Broader Implications
The consequences of this policy are multidimensional:
- Inflationary Pressures – Food inflation above 30% has made nutrition unaffordable for many households.
- Rising Poverty – 7.1 million Nigerians have been newly pushed into poverty (World Bank, 2023).
- Middle-Class Erosion – Rising transport, rent, and healthcare costs are squeezing household incomes.
- Debt Concerns – Despite promises, government borrowing has continued, raising sustainability questions.
- Public Distrust – When government promises savings but citizens feel only pain, trust in leadership erodes.
In effect, subsidy removal without structural readiness has widened inequality and eroded social stability.
Missed Opportunities
Nigeria’s leaders had the chance to approach subsidy removal differently:
- Refinery Rehabilitation – Ensuring local refining to reduce exposure to global oil price shocks.
- Renewable Energy Investment – Diversifying energy through solar, hydro, and wind to reduce reliance on imported petroleum.
- Agricultural Productivity – Mechanization, irrigation, and smallholder financing could have boosted food supply and stabilized prices.
- Social Safety Nets – Conditional cash transfers, food vouchers, and transport subsidies could have protected the most vulnerable.
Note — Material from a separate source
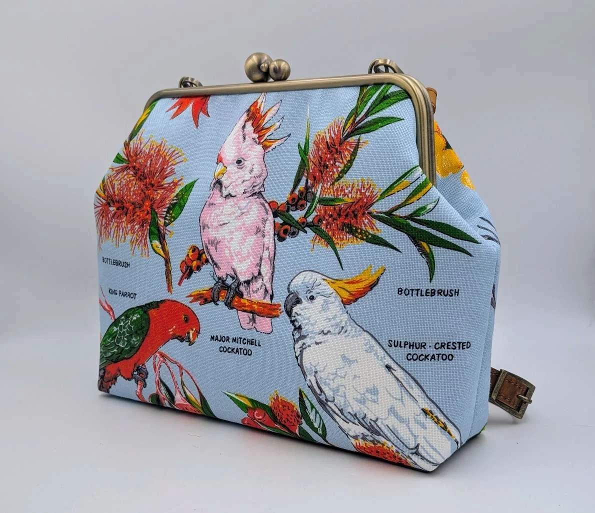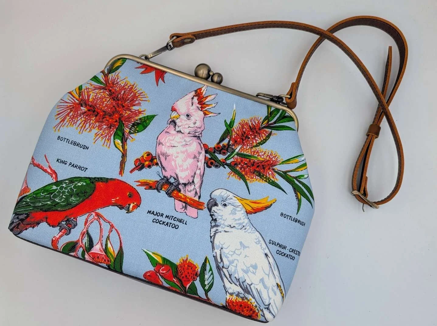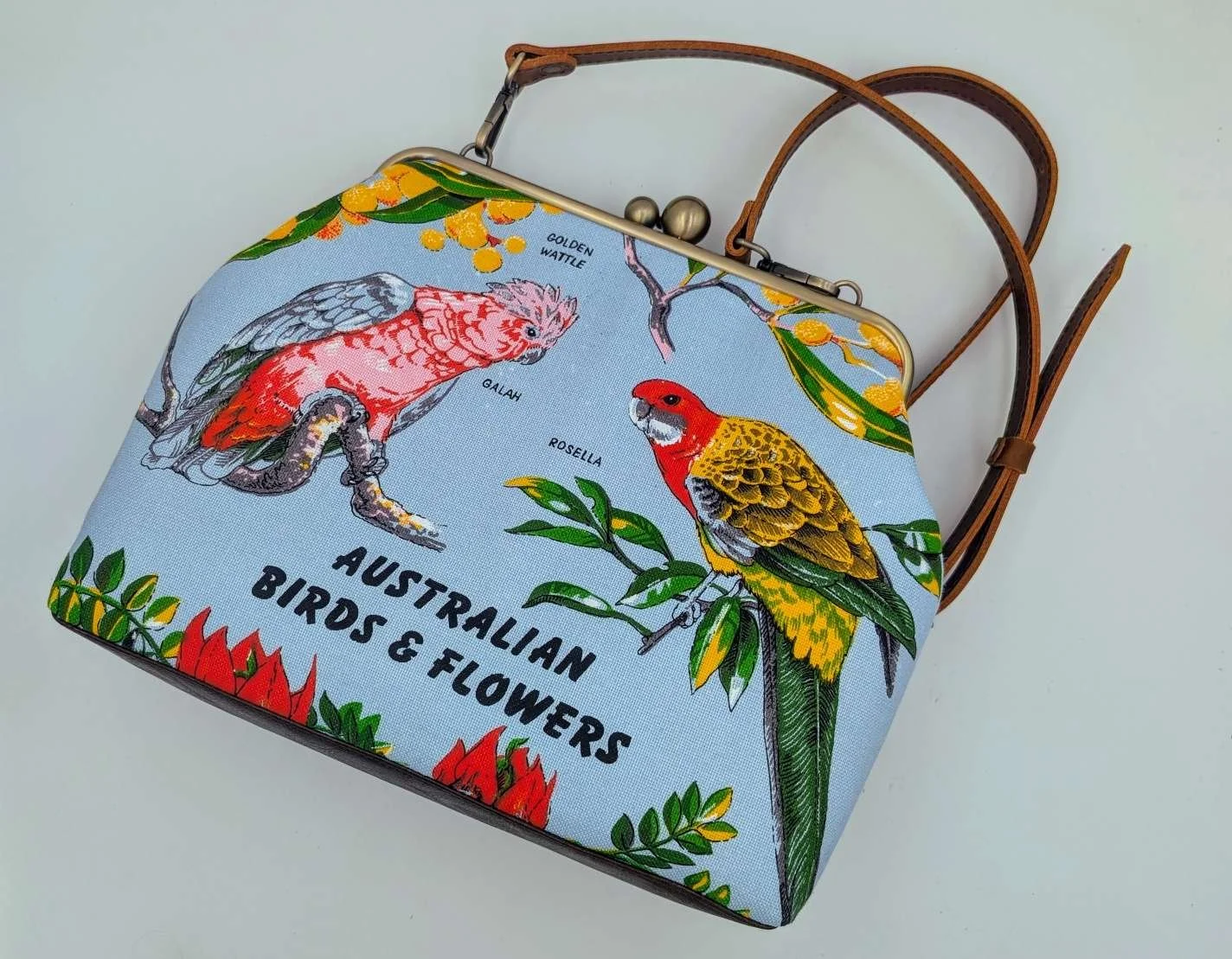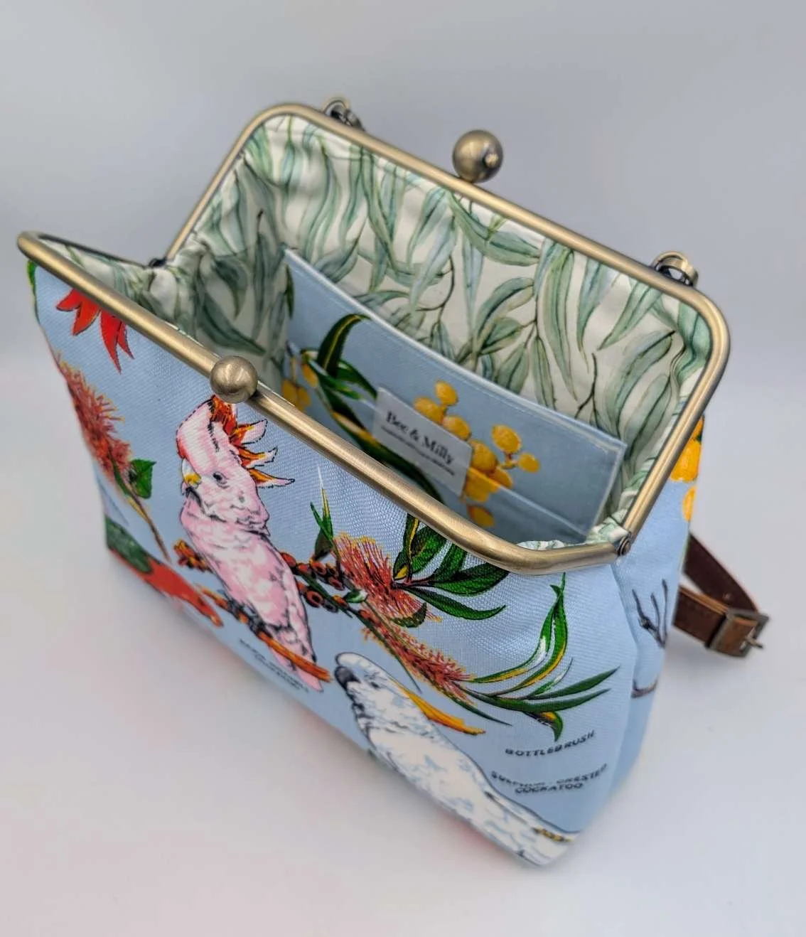 Lined with gumleaf patterned cotton fabric and has a matching inside pocket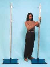 For junior volleyball (6′ high), badminton, deck tennis, tennis & other gym net games…1 3/4″ galvanized risers, heavy steel base plate, floor tips…Floor plate not necessary …With four adjustable ring slides to put net at any height…UPS.

Instead, reform came abruptly, leaving citizens to absorb all the pain while waiting for theoretical long-term benefits.
Conclusion: Reform With a Human Face
Fuel subsidy removal was inevitable, but Nigeria’s approach has worsened hardship for millions. True reform must go beyond fiscal savings to protect citizens.
Economic policy is not judged only by its efficiency but by its humanity. A well-sequenced reform could have balanced fiscal responsibility with equity, ensuring that ordinary Nigerians were not crushed under the weight of sudden change.
Nigeria has the resources, population, and resilience to lead Africa’s economy. But leadership requires foresight. It requires policies that are inclusive, humane, and strategically sequenced.
Reform without equity is displacement of poverty, not development. If Nigeria truly seeks progress, its policies must wear a human face.
References
- National Bureau of Statistics (NBS). (2023). Poverty and Inequality Report. Abuja.
- National Population Commission (NPC). (2023). Population Estimates. Abuja.
- World Bank. (2023). Nigeria Development Update. Washington, DC.
- World Bank. (2005). Fuel Subsidy Reforms: Lessons from Indonesia and Ghana. Washington, DC.
- OPEC. (2023). Annual Statistical Bulletin. Vienna.